Reproduce the data exactly and drop any pictures it holds.

_Data extract_
((

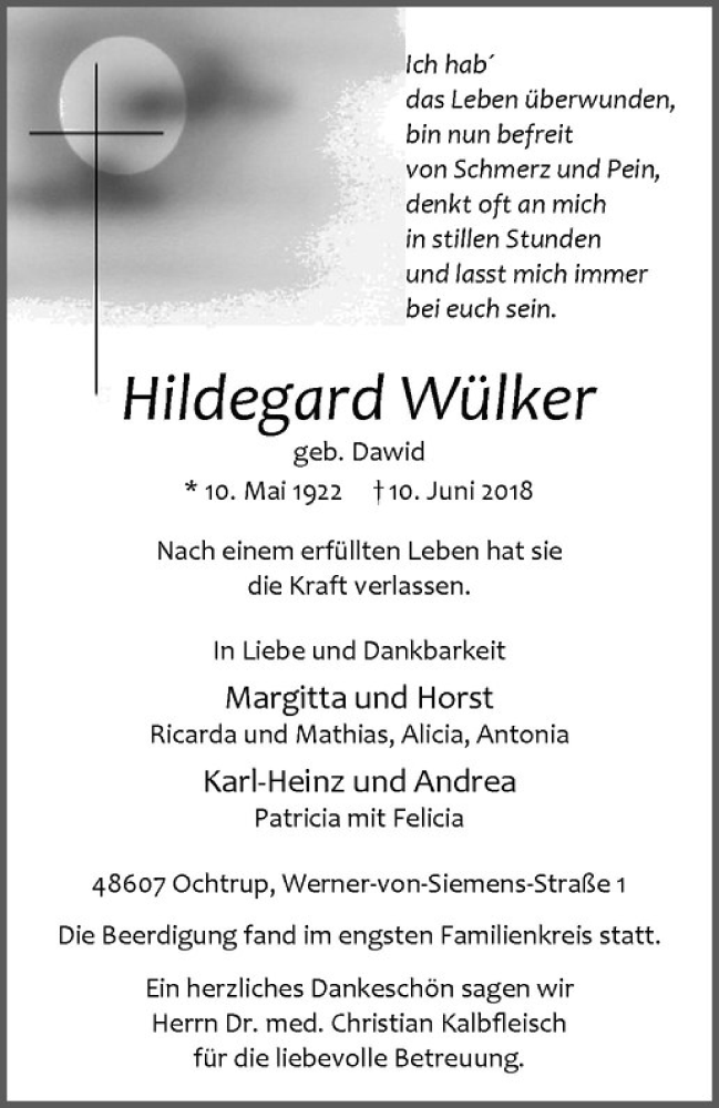 Hier finden Sie alle Traueranzeigen aus der Zeitung, die bisher für Hildegard Wülker erschienen sind. Weitere Traueranzeigen, die in der Zeitung erscheinen, werden hier ebenfalls aufgelistet
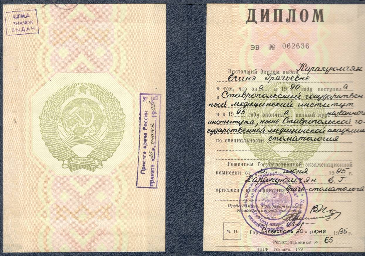 1995г. – Окончила «Ставропольская государственная медицинская академия», г. Ставрополь по специальности «Стоматология». Присвоена квалификация «Врач-стоматолог».
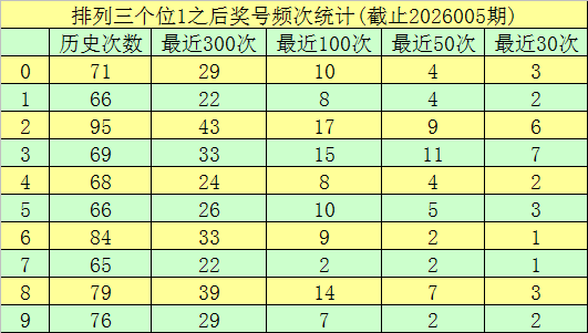 第三位杀号:第三位上期出现奖号1,该位历史上奖号1已开出了740次,最近100次第三位开出1时,下期号码0-9分别落号:号码2→17次,3→15次,8→14次,0、5→10次,6→9次,1、4→8次,9→7次,7→2次。

))

_Task result_
 Hier finden Sie alle Traueranzeigen aus der Zeitung, die bisher für Hildegard Wülker erschienen sind. Weitere Traueranzeigen, die in der Zeitung erscheinen, werden hier ebenfalls aufgelistet
 1995г. – Окончила «Ставропольская государственная медицинская академия», г. Ставрополь по специальности «Стоматология». Присвоена квалификация «Врач-стоматолог».
 第三位杀号:第三位上期出现奖号1,该位历史上奖号1已开出了740次,最近100次第三位开出1时,下期号码0-9分别落号:号码2→17次,3→15次,8→14次,0、5→10次,6→9次,1、4→8次,9→7次,7→2次。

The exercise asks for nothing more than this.